DESCRIPTION OF THE TASK. Starting from the line with "商店街を飛鳥乃湯泉と反対方向" and going up to and including the line with "Villagers form a", copy the listing below exactly. Leave all images out.

AVAILABLE DATA.
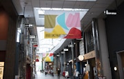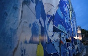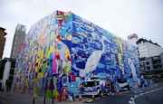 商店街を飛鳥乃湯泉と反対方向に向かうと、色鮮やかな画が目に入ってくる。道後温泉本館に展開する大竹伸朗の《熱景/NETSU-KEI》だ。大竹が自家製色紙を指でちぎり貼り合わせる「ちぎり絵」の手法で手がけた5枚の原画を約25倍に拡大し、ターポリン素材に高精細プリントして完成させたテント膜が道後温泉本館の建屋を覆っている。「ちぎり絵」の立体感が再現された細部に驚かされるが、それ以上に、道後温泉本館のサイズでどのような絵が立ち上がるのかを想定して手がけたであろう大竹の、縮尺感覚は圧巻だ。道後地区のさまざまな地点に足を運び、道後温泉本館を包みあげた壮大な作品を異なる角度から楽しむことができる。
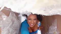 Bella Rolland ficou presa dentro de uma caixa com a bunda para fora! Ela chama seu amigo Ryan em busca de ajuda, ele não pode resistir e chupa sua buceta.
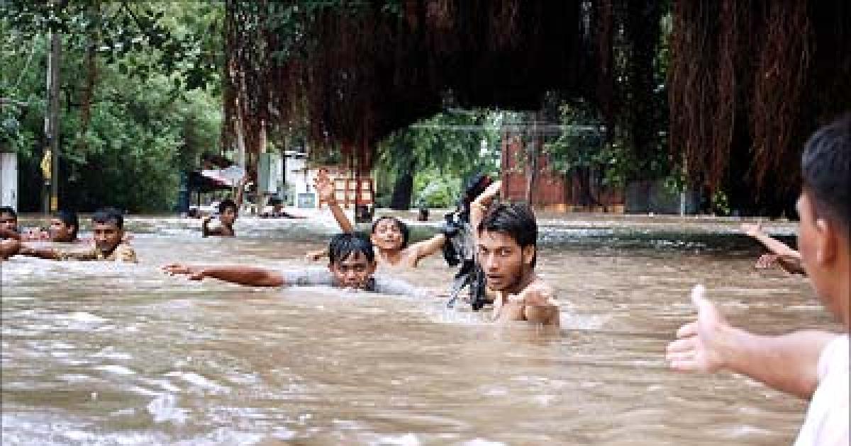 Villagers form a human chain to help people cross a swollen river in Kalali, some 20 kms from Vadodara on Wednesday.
--
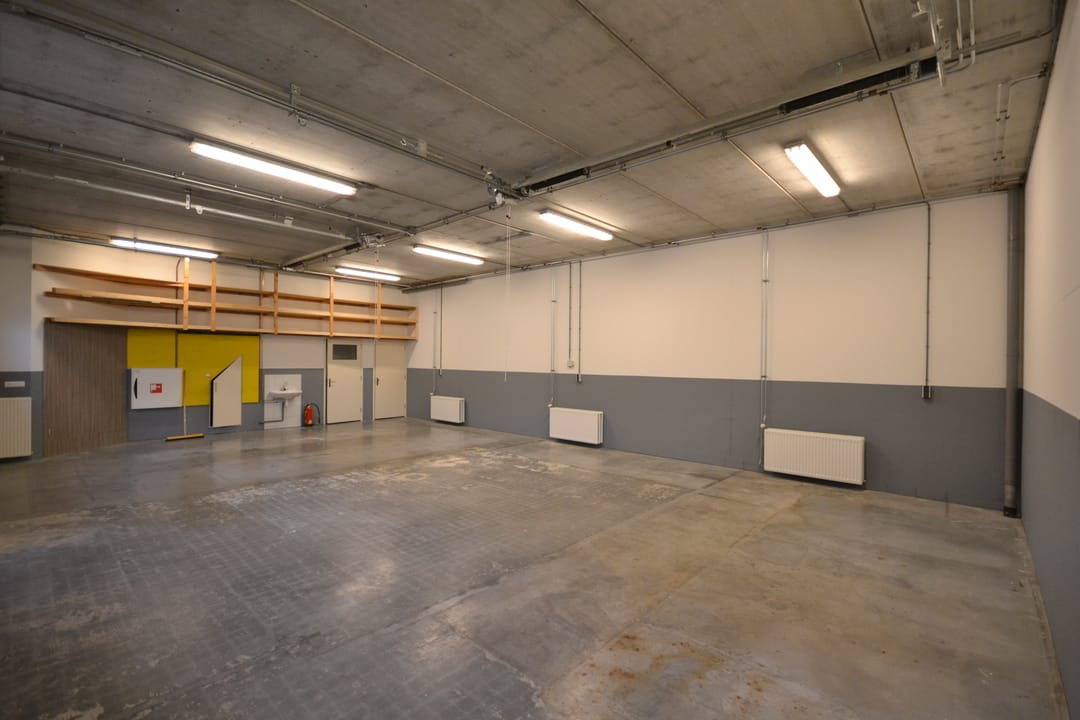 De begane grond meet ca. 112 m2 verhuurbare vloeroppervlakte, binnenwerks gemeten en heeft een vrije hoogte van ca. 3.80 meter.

SOLUTION FOR THIS TASK.
 商店街を飛鳥乃湯泉と反対方向に向かうと、色鮮やかな画が目に入ってくる。道後温泉本館に展開する大竹伸朗の《熱景/NETSU-KEI》だ。大竹が自家製色紙を指でちぎり貼り合わせる「ちぎり絵」の手法で手がけた5枚の原画を約25倍に拡大し、ターポリン素材に高精細プリントして完成させたテント膜が道後温泉本館の建屋を覆っている。「ちぎり絵」の立体感が再現された細部に驚かされるが、それ以上に、道後温泉本館のサイズでどのような絵が立ち上がるのかを想定して手がけたであろう大竹の、縮尺感覚は圧巻だ。道後地区のさまざまな地点に足を運び、道後温泉本館を包みあげた壮大な作品を異なる角度から楽しむことができる。
 Bella Rolland ficou presa dentro de uma caixa com a bunda para fora! Ela chama seu amigo Ryan em busca de ajuda, ele não pode resistir e chupa sua buceta.
 Villagers form a human chain to help people cross a swollen river in Kalali, some 20 kms from Vadodara on Wednesday.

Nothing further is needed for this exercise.